Bringing China under the radar of ICJ would have been easier yet less effective. ICJ, under its statute, is not empowered to prosecute individuals. It could, at the most, order China to cease ongoing genocide and to prevent genocide from occurring in the future. Additionally, it can also order equitable remedies like ordering China to enact legislation to criminalize genocide in line with the requirements of the Genocide Convention. On the other hand, ICC’s purpose of establishment itself was prosecution of individuals. It can impose lengthy terms of imprisonment of up to 30 years, order a fine, forfeiture of proceeds, property or assets derived from the committed crime. ICC’s mechanism thus suits the best in the current scenario.

Concluding thoughts

Past precedent on China’s response to international adjudication is not very encouraging. Traditionally it has shunned all international adjudication, preferring to settle all disputes through direct negotiation. The past experiences of Chinese response to international adjudication invited remarks like “Putting ‘China’ and ‘international law’ in the same sentence is an oxymoron.”  When China lost to Philippines in the South China Sea Case, a former Chinese diplomat openly said that this judgment was “nothing more than a piece of paper”.

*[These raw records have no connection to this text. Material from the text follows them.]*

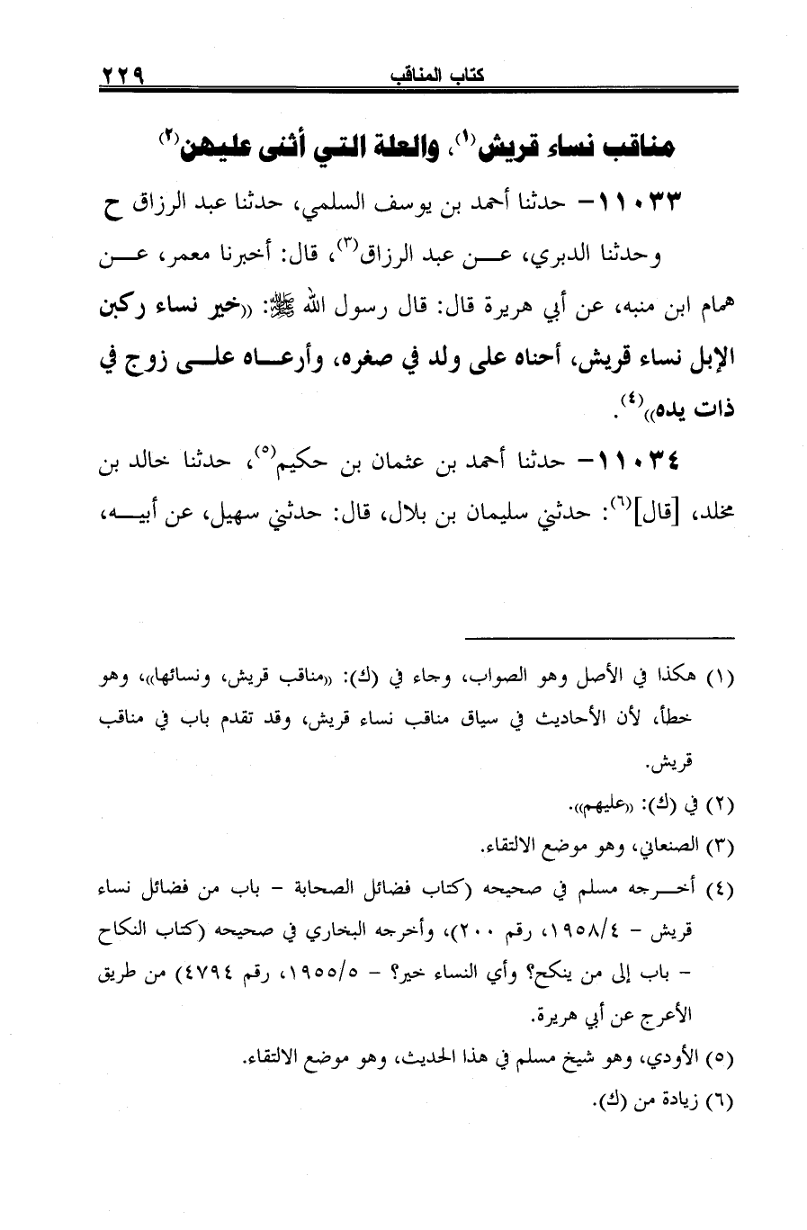 وحدثنا الدبري، عن عبد الرزاق (¬1)، قال: أخبرنا معمر، عن همام ابن منبه، عن أبي هريرة قال: قال رسول الله -صلى الله عليه وسلم-: "خير نساء ركبن الإبل نساء قريش، أحناه على ولد في صغره، وأرعاه على زوج في ذات يده" (¬2).
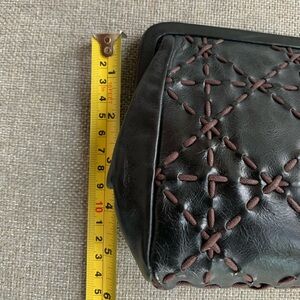 HOBO International Leather Black Clutch w/whipstitching detail
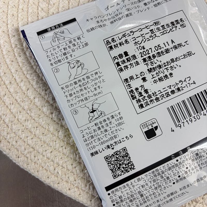 簡易抽出タイプのコーヒーには必ず裏面表示があります。そこには適正な抽出量が記載されていますので、最初はそれを基準に淹れてみましょう。
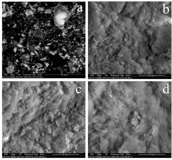 The microstructures of LRT and specimens with 47% LRT added (C1) after 3, 7, and 28 days of curing are shown in Figure 3. The fracture of the polyester mortars is almost always caused by the failure of the fine aggregate [32], regardless of the type of filler. The particle size distribution had a significant relationship with the mechanical strength of the concrete [33], and the particle size of the leaching residue was relatively small when compared with tailings used in other research [34]. Moreover, the calcium sulfate contents of the leaching residue were obviously higher after the H2SO4 leaching process, an amorphous C–S–H gel coated the surface of the dehydrated grain, and the particles of the fillers and fine aggregates were sufficiently covered with a hardened polyester resin as a binder. It is evident that there was a high adhesion between the fillers or fine aggregate, and a polyester resin had developed. The hydrated product presented a denser structure and lower porosity after a longer curing time.
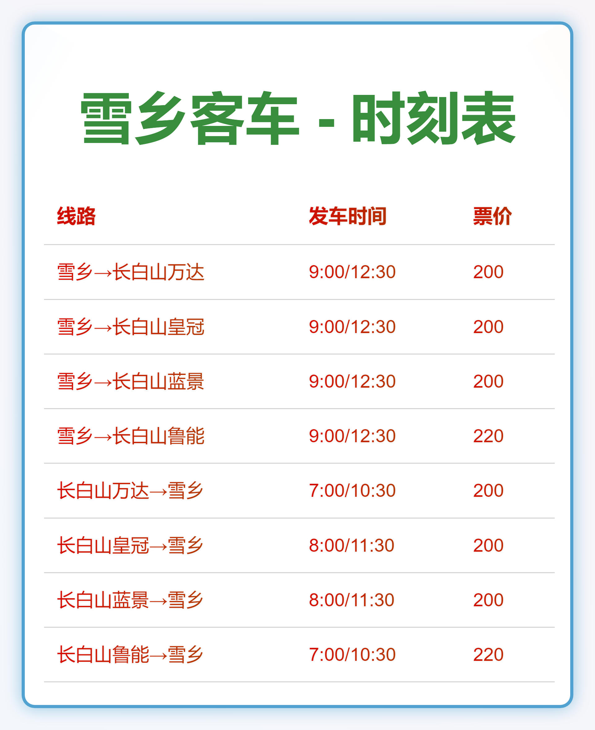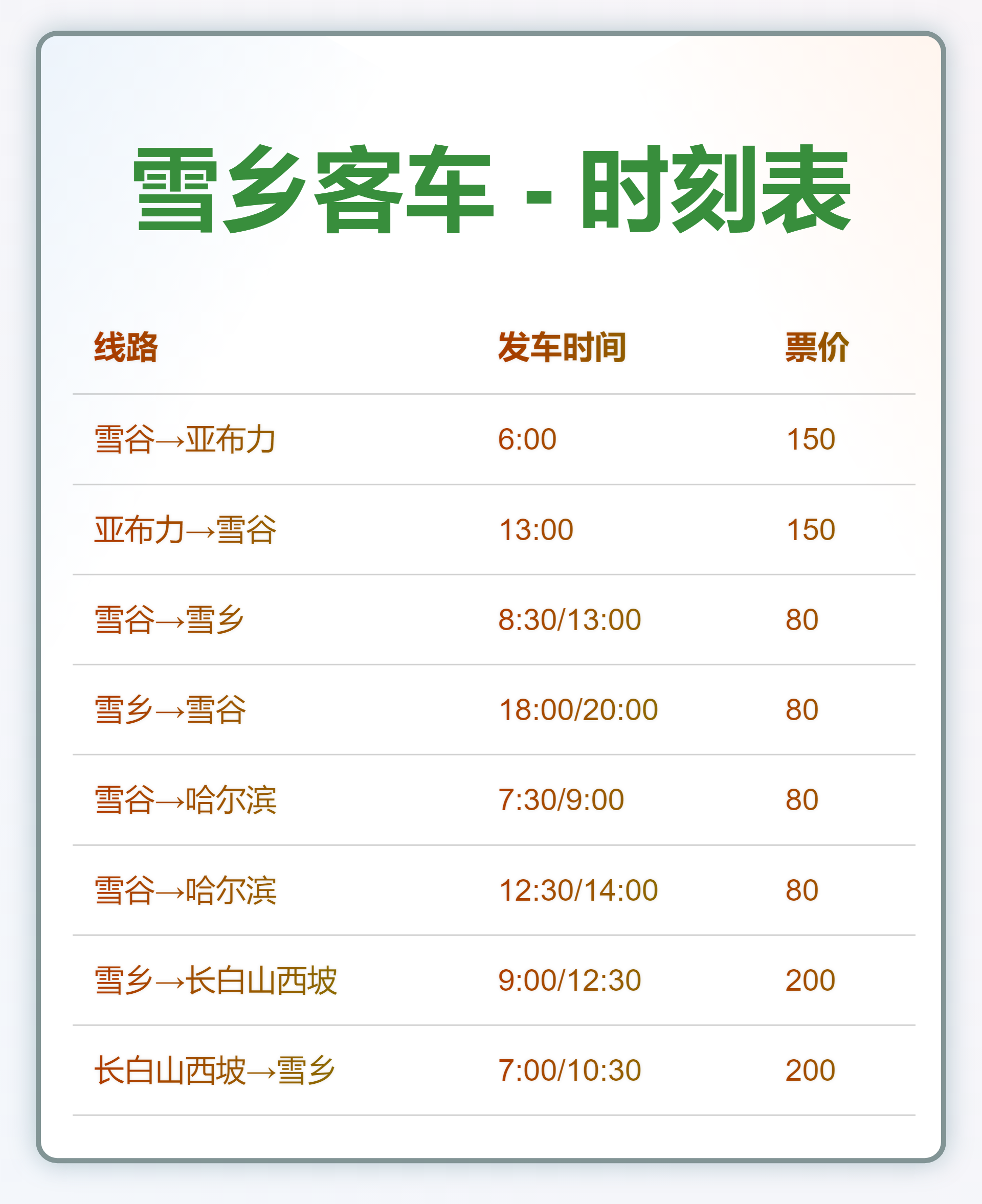 雪乡交通概况: 无高铁、无火车直达。 可选方式:景区直通车、拼车、包车。 ----------- 一、出发地 -> 雪乡/雪谷 (直通车) ----------- 【从哈尔滨出发】 往雪乡:06:00 / 08:30 | 中央大街上车 | 90元 往雪谷:08:00 / 13:00 | 中央大街上车 | 80元 套票:08:00出发,20:00转往雪谷(省住宿费) | 180元 【从亚布力出发】 往雪乡:10:30 | 亚布力青山村上车 | 80元 【从延吉/长白山出发】 延吉 -> 雪乡:09:00 / 12:30 | 网红墙上车 | 120元 北坡 -> 雪乡:09:00 / 12:30 | 璞悦酒店上车 | 120元 西坡 -> 雪乡:07:00 / 10:30 | 小车上门接 | 200元 【从长春/吉林出发】 吉林 -> 雪谷:14:00 | 客运站上车 | 120元 长春 -> 雪谷:12:30 | 龙嘉机场上车 | 230元 ----------- 二、返程线路汇总 ----------- 【从雪乡出发】 雪乡 -> 哈尔滨:08:00 / 12:30 (90元) 雪乡 -> 延吉:09:00 / 12:30 (120元) 雪乡 -> 亚布力西站:08:00 (80元) 雪乡 -> 雪谷:18:00 / 20:00 (80元) 雪乡 -> 长白山:09:00 / 12:30 (120-220元) 【从雪谷出发】 雪谷 -> 哈尔滨:07:30 / 09:00 / 12:30 / 14:00 (80元) 雪谷 -> 雪乡:08:30 / 13:00 (80元) 雪谷 -> 吉林:07:00 (120元) 雪谷 -> 长春机场:07:00 (230元) 雪谷 -> 亚布力:06:00 (150元) ----------- 三、包车参考价格 (单程) ----------- 亚布力 ↔ 雪乡:5座400元 / 7座600元 / 9座900元 哈尔滨 ↔ 雪乡:5座600元 延吉/二道白河 ↔ 雪乡:5座1200元 ----------- ★ 贴心提示: 东北雪天路滑,建议行程预留充足缓冲时间。 旺季建议提前1-2天通过正规渠道订票。
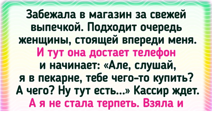 - У нас в поселке есть магазин-пекарня. Выпечка разная и вкусная. Всегда есть очередь в несколько человек. Как-то раз я забежала в магазин за свежей выпечкой. Подходит очередь женщины, стоящей впереди меня. И тут она достает телефон и начинает: «Але, слушай, я в пекарне, тебе чего-то купить? А чего? Ну тут есть...» Кассир ждет. А я не стала терпеть. Взяла и обошла женщину, чтобы сказать кассиру, что мне нужно. Вот не понимаю, неужели заранее позвонить нельзя было? © Fishe4ca
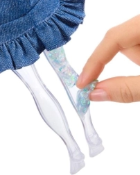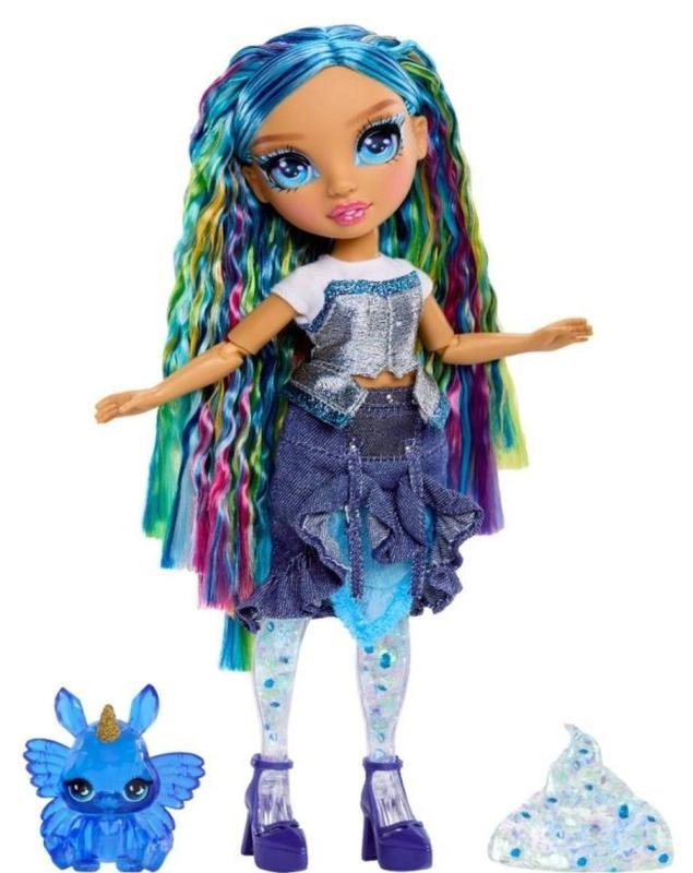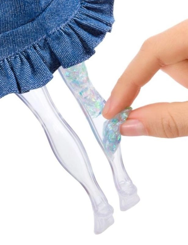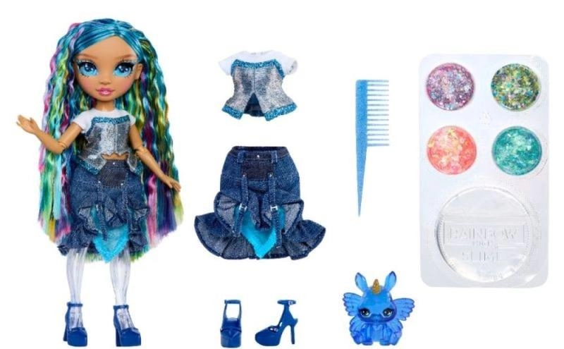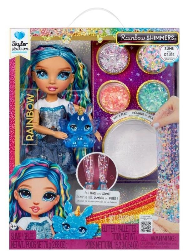 Bábika RAINBOW HIGH Skyler prináša úplne nový spôsob hrania – spojenie módy, slizu a trblietok. Vytvor si vlastný trblietavý mix, pridaj ho do priehľadných nôh bábiky a sleduj, ako sa zmení. Naplnenie je rýchle a jednoduché: odstráň zadnú časť nôh, vlož sliz, zacvakni a môžeš sa hneď hrať. A najlepšie je, že celý proces môžeš opakovať znova a znova.

Even if China accede to international adjudication of any sorts, neither ICC nor ICJ has the mandate to enforce their judgments. Adding onto the misery, China being a permanent member of UNSC can veto any resolution pertaining to enforcement of a ruling against itself. Nevertheless, filing of a petition at ICC is itself a step towards justice. It sends an indication to China’s government that the international community will no longer condone its actions. In the long run, attaining justice for Uighurs might take filing of cases at multiple judicial institutions as in the case of ‘mistreatment of Rohingyas’. There is even a possibility that a parallel case may be filed at the ICJ. This is only a first step in the Uighurs’ battle against China.